Pictures excluded, reproduce exactly the lines below from the one with "首先看網(wǎng)速,最高限制路由器 100Mbs 左右?guī)挼那闆r下,在" through the one with "Haftalık grafiklerde Ichi", both included.

Stored data
_ _ _
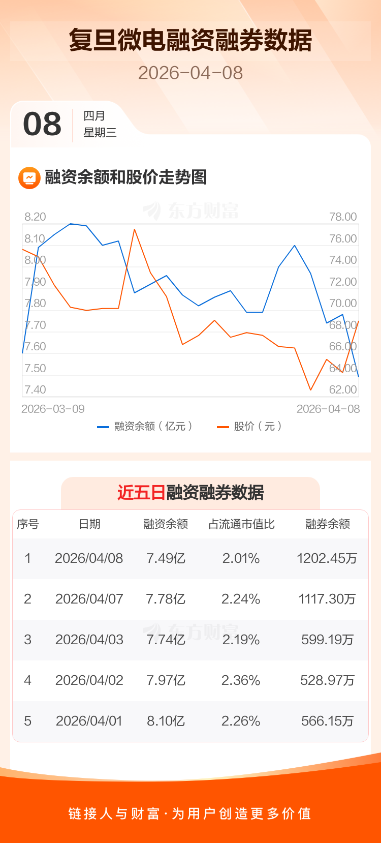 交易所最新数据显示,复旦微电于2026年4月8日获融资买入5547.18万元,融资偿还8446.15万元,当日融资净偿还2898.97万元。目前,该股融资余额7.49亿,占流通市值比例为2.01%。
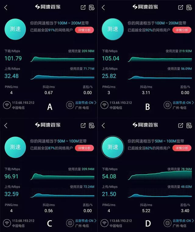 首先看網(wǎng)速,最高限制路由器 100Mbs 左右?guī)挼那闆r下,在 ABC 點幾乎可以滿,下載速度保持在 25-30Mbps 上下。 不過在 D 點的下載速率只有 50Mbps 上下,網(wǎng)絡抖動和丟包也大幅增加。
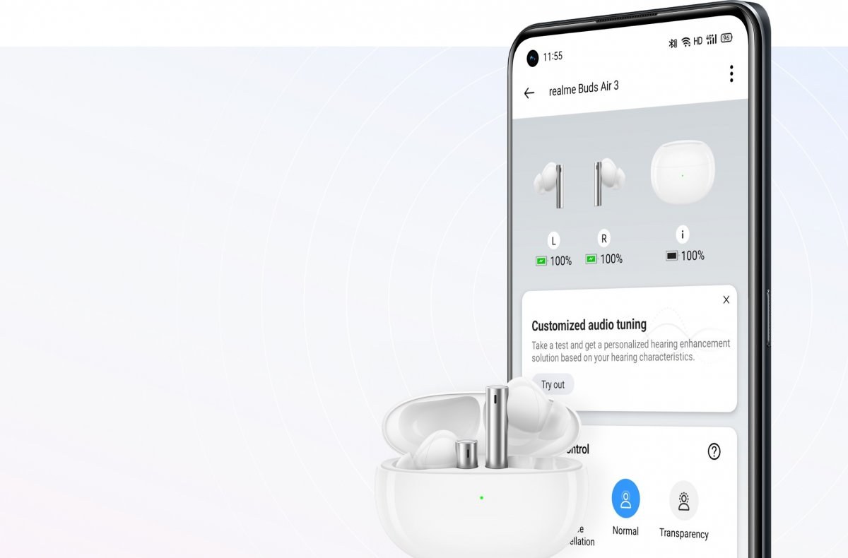 Vytvára prispôsobený profil pre zvukový zážitok prispôsobený špecifickej citlivosti vašich uší. Prispôsobte si dotykové funkcie, zapnite aktívne potlačenie hluku, získajte aktualizácie systému a oveľa viac v aplikácií realme Link.
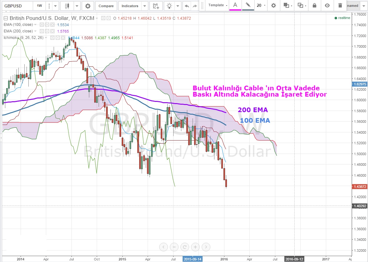 Haftalık grafiklerde Ichi Moku Bulutu altında seyreden paritenin bulut kalınlığını dikkate aldığımızda orta vadede baskı altında kalacağını görüyoruz
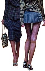 В последний день визита после ужина в "Кумире" и пяти длинных интервью Вествуд отправилась делать "клаббинг". В клубе "Буги-Вуги" она первым делом спряталась в VIP-зале и съела три апельсина. В "Экипаже" (здесь дизайнер появилась вместе с Андреем Бартеневым) она ничего не ела, зато выпила сразу два коктейля. В два часа ночи Вивьен уже была в "Реставрации", где ее немедленно атаковал известный столичный трансвестит Огненная Леди со словами: "Давай меняться колготками". При этом на Вествуд были ажурные коричнево-зеленые колготки из ее последней коллекции, а на Огненной Леди — рваные чулки с поясом. "Меняться не стану, в твоих мне будет холодно",— мудро рассудила Вествуд, однако пообещала оставить колготки в подарок трансвеститу утром на reseption. И действительно оставила их, прикрепив к свертку записку: "Рвать запрещаю".
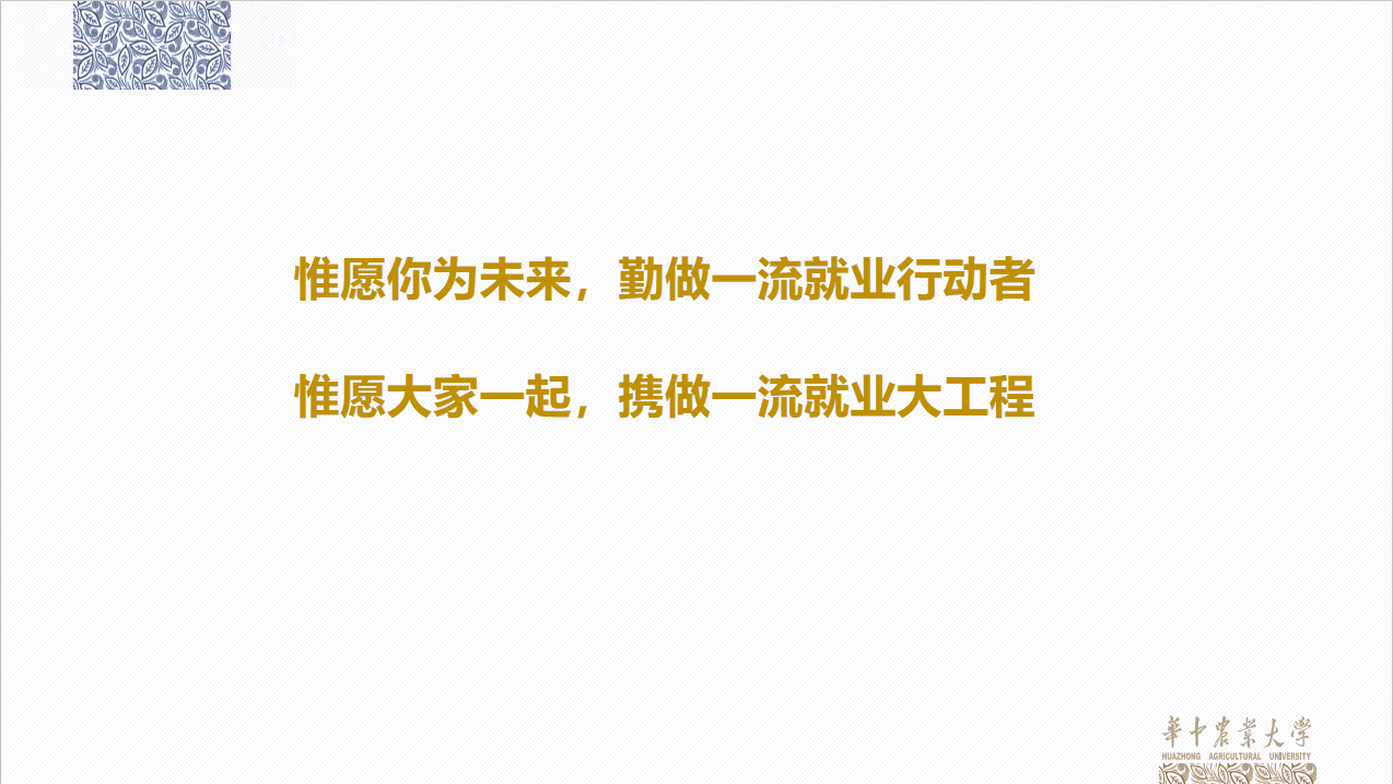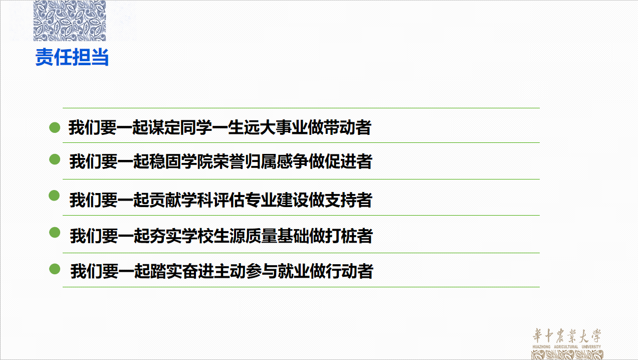 会议最后,熊攀攀再次倡议大家要携手共同努力,积极推动学院2017级就业工作。“惟愿你为未来,勤做一流就业行动者;惟愿大家一起,携做一流就业大工程。”
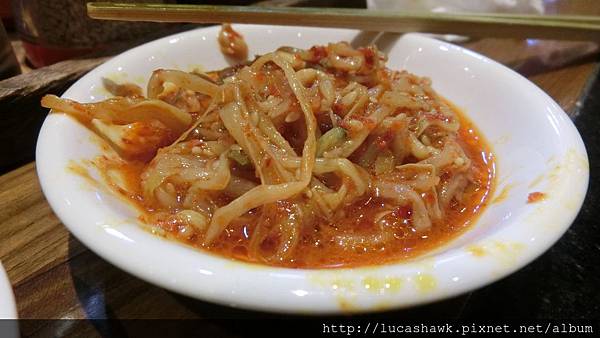 還有辛豆芽,我覺得豆芽很好吃,小辣,口感不錯!!我光吃就吃了兩三盤。
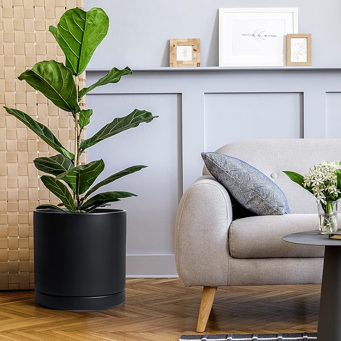 D'vine Dev 12 Inch Ceramic Planter Pot with Drainage Hole and Saucer, Indoor Cylinder Round Planter Pot, Black, 94-O-F-2
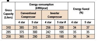 Note: Few Refrigerators were tested at UL Manesar Lab and based on result percentage saving calculated and highlighted. Additionally for outcome compressor is not the only factor, refrigerant used too are different. Refrigerant (134 a) was used in a conventional compressor while (600-a) was used in inverter compressor.
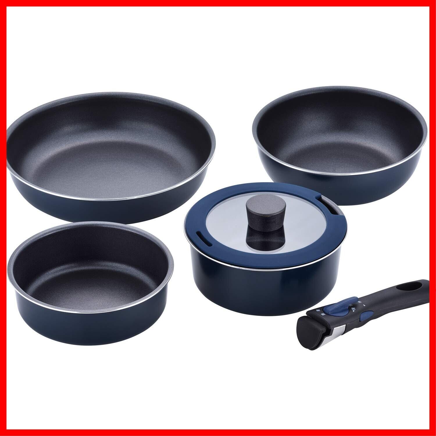 セット内容:フライパン18cm・いため鍋21cm(約2.2L)・フライパン26cm・鍋18cm(約1.8L)・ガラス蓋18cm・着脱ハンドル 各1
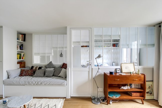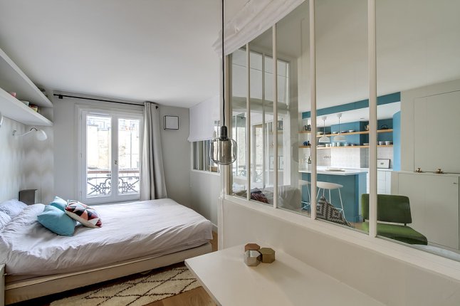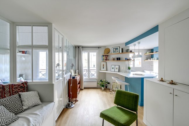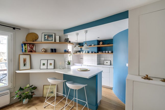 Ez a párizsi otthon egyáltalán nem tágas, de telis-tele van olyan megoldásokkal, melyet minden kis lakás tulajdonosának a figyelmébe ajánlanék. Adott volt tehát egy hagyományos beosztású és nagyon előnytelen alakú lakás: nappali, konyha, kamra, fürdőszoba. Az új tulajdonos aztán némileg átszabta a tereket. A kamrából lett a hálószoba, a nappali és konyha közötti falat kiütötték, csak egy része maradt, amin most az étkezőpult kapott helyet. A korábbi hálófülke helyére került a kanapé, alatta sok tárolóhellyel. A hálószoba - a régi sötét kamra - pedig egy üvegezett falat kapott a nappali felé, így fürdik a természetes fényben. A világosságot a sok fehér szín erősíti, a kék pedig üdeséget csempész a parányi enteriőrbe.
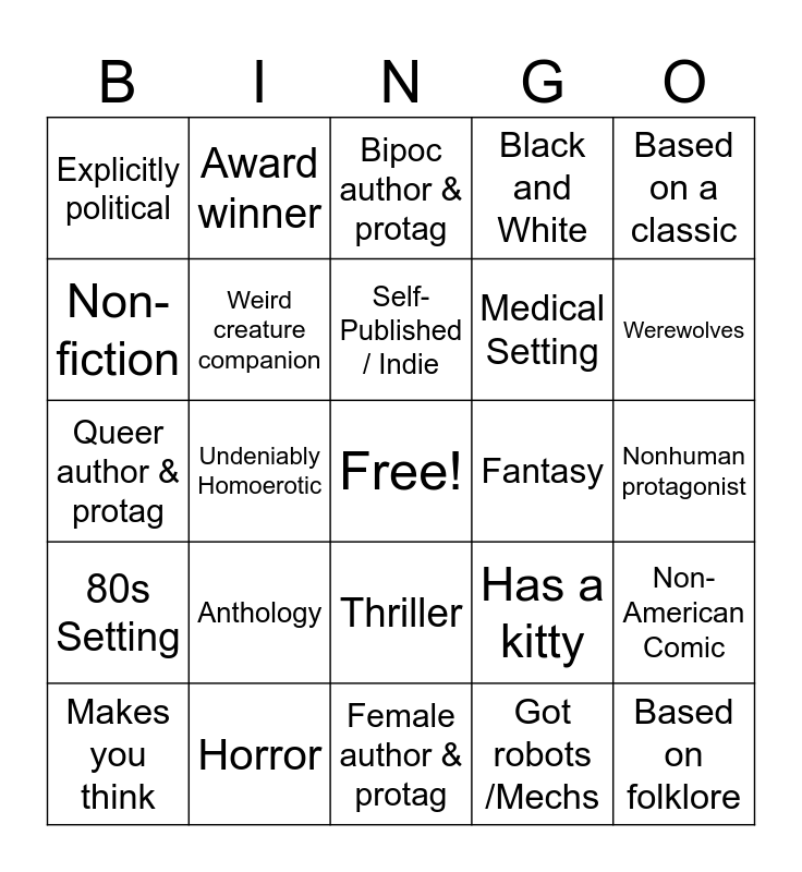 This bingo card has a free space and 24 words: Anthology, Horror, Self-Published / Indie, Makes you think, Based on a classic, Explicitly political, Non-fiction, Award winner, Fantasy, Thriller, Medical Setting, Queer author & protag, Has a kitty, Non-American Comic, Weird creature companion, Got robots /Mechs, Nonhuman protagonist, Bipoc author & protag, Werewolves, Undeniably Homoerotic, Based on folklore, 80s Setting, Black and White and Female author & protag.
_ _ _
_Solution for this problem_
 首先看網(wǎng)速,最高限制路由器 100Mbs 左右?guī)挼那闆r下,在 ABC 點幾乎可以滿,下載速度保持在 25-30Mbps 上下。 不過在 D 點的下載速率只有 50Mbps 上下,網(wǎng)絡抖動和丟包也大幅增加。
 Vytvára prispôsobený profil pre zvukový zážitok prispôsobený špecifickej citlivosti vašich uší. Prispôsobte si dotykové funkcie, zapnite aktívne potlačenie hluku, získajte aktualizácie systému a oveľa viac v aplikácií realme Link.
 Haftalık grafiklerde Ichi Moku Bulutu altında seyreden paritenin bulut kalınlığını dikkate aldığımızda orta vadede baskı altında kalacağını görüyoruz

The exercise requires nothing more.